An external independent safety officer was appointed by National Institute of Arthritis and Musculoskeletal and Skin Diseases. Biannual safety reports were submitted via KAI Research, Inc. (KAI Research, Inc., Rockville, MD).
Results
Subjects
Nine subjects, aged 23–50 years, were studied. Seven were male and two were female. One had BMD, one had limb LGMD 2A, three had LGMD 2B, two had LGMD 2E, and two had LGMD of unknown subtype. One subject (08) was studied before our implementation of the dual-pump system (see Materials and Methods section). All other subjects were studied with the dual-pump system.
The perfusion procedure
Perfusion
The initial study was performed with an infusion volume of 5% limb volume. Infusion volume was then increased in a stepwise fashion per protocol. Because of abnormalities in nerve conduction studies (NCS) observed at 40% limb volume infusion in subject 15, infusion volume was decreased to 35% for subject 16. Table 1 details the specific perfusion parameters. Average infusion rate varied with the size of the perfusion catheter placed. The average rate was 75 ml/min in 5 subjects with 18-gauge catheters and 48 ml/min in 4 subjects with 20-gauge catheters. All subjects had visible limb volume expansion, firmness to touch, and enlargement of forearm circumference. Four (12, 13, 15, and 16) developed painless petechiae under the tourniquet. There was no cardiac dysfunction or signs of systemic fluid overload as measured by echocardiogram, EKG, heart rate, respiratory rate, or cutaneous oxygen saturation (Supplementary Table S1). None of the nine reported discomfort or remembered the perfusion procedure after recovering from anesthesia (∼10–15 min postperfusion). Some subjects commented that they felt that the perfused arm was “tight” up to 1–2 hr postperfusion.

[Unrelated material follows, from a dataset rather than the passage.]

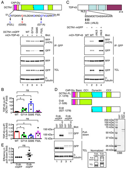 Effects of missense mutant DCTN1 and NLS-deficient mutant TDP-43 on the DCTN1-TDP-43 interactions, and in vitro DCTN1-TDP-43 binding. (A) Interactions of disease-linked missense mutants of DCTN1-mGFP, p.G71A (Perry disease), p.G59S (HMN7B), or p.F52L (Perry disease) with mCherry-tagged wild-type (WT) TDP-43 were examined by coimmunoprecipitation (co-IP) in COS-7 cells. (B) Quantification of interactions of DCTN1 missense mutants with WT TDP-43, relative to WT DCTN1. The top panel shows the ratio of mCherry-TDP-43 to DCTN1-mGFP in the immunoprecipitates, and the bottom panel shows the ratio of the immunoprecipitated mCherry-TDP-43 normalized to levels of β-tubulin in the total cell lysates (TCL). Here and in subsequent figures, data are represented as the mean ± SEM. n = 4 (independent experiments). * p < 0.05 compared to WT by two-tailed paired t-test. ns: not significant. (C) Interactions between WT DCTN1-mGFP and TDP-43-∆NLS mutant. (D) A GST pull-down assay between DCTN1 fragments and GST-fused WT TDP-43. Cell lysates prepared from COS-7 cells expressing truncated mutant DCTN1 (D∆8-mGFP or D∆9-mGFP, top panel) were incubated with glutathione Sepharose beads preloaded with purified GST control or GST-TDP-43 (bottom right panel). The bound DCTN1 fragment was detected by Western blotting using anti-GFP (bottom left panel). The result was normalized according to the GFP signal intensity in TCLs, and is shown in the inset. (E) Quantification of DCTN1 truncated mutants pulled down with GST-TDP-43. The GST-pulled-down levels of D∆9-mGFP were normalized to those of D∆8-mGFP. n = 4 (independent experiments). p = 0.2949 (two-tailed paired t-test).

Subject 10 was a 27-year-old woman who was the only participant who had been treated with long-term corticosteroids (∼17 years). She had noticeably small veins and thin skin on her hand/forearm by visual inspection. The line pressure of 300 mm Hg (which causes the Belmont infuser to automatically adjust the perfusion rate down) was reached often during her study, and as a consequence she had one of the lowest average perfusion rates (42 ml/min). Other parameters of her study were not different from the remaining subjects. Subject 14, who received 43% rather than 35% rather limb perfusion because of calculation error, had more prolonged recovery of his limb size to baseline, but no other issues.
Compartment pressure and tissue oxygen saturation monitoring
In all subjects, postperfusion compartment pressure returned to below the safety cutoff of 35 mm Hg within 15 min and postperfusion tissue oxygen saturation returned to baseline or above baseline within 5 min. The highest peak compartment pressure was 142 mm Hg in subject 15 with 40% perfusion volume (Table 1).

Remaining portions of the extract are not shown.